Crossover estimand construction checked against oracle IPCW weights (estimated ~ oracle) and a g-comp-vs-TMLE cut (TMLE removes ~half the g-comp bias); residual heavy-crossover bias is at-risk depletion that getPositivityDx() is designed to flag.

Time-varying covariates in the censoring model [experimental]

Threaded through the core. formatArguments() gains an optional CensoringTV argument (a long data.frame of time-varying covariates for the censoring model, with the ID column, a time column, and value columns). When supplied, the inverse-probability-of-censoring weight used by every estimand — the targeted survival / cumulative-incidence curves, getRMST/targetRMST, and getWinRatio — is conditioned on the LOCF value and change-from-baseline of each.
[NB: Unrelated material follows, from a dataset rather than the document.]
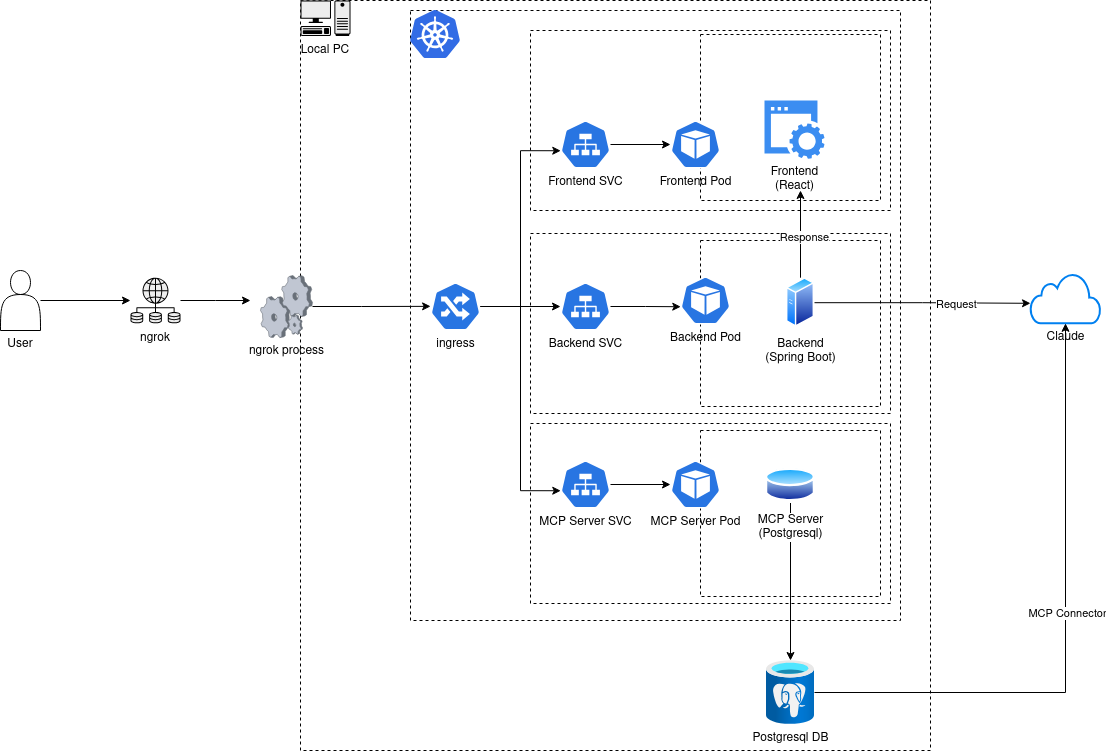 주요 기술 스택 : react, spring boot, postgresql, claude ai, claude mcp connector, k3s

Implemented as an override of the lagged censoring survival in get(CV)InitialEstimate() (the single object the censoring hazard feeds), so the outcome hazards and the rest of the TMLE are untouched; no CensoringTV reproduces the previous behavior exactly. This matters most for the marginal (non-ratio) estimands: in simulation a targeted absolute risk biased by informative censoring under baseline-only IPCW is recovered with the time-varying censoring model (scripts/dev-tvcens-core.R).
clinicalWinRatio() gains optional id + censoring.tv arguments: a long data.frame of post-randomization, time-varying covariates (e.g. echo / KCCQ / 6-minute-walk measured at follow-up visits) for the censoring model. When dropout is driven by such measurements, conditioning on baseline covariates alone makes censoring informative and biases the inverse-probability-of-censoring weights; conditioning the censoring hazard on the last-observation-carried-forward value and change-from-baseline of each restores conditional independence (CAR). They enter the censoring model (never the outcome hazards), so the marginal/ITT estimand is preserved (they are post-treatment mediators). Omitting them leaves the result unchanged.
New shared internal machinery (R/tvCensoring.R): .tvLOCF() (LOCF value + change-from-baseline on the hazard grid) and .tvCensoringInc() (cross-fitted discrete-time censoring-hazard SL with time-varying covariates). Validated to remove informative-censoring bias: a survival probability biased +5% under baseline-only IPCW is recovered to within ~0.4% with the time-varying censoring model (scripts/dev-tvcens*.R). (Note: the win ratio, being a between-arm ratio, is far less sensitive to arm-symmetric informative censoring – the larger payoff is for the marginal survival / cumulative-incidence curves and RMST, where the same machinery will be threaded next.)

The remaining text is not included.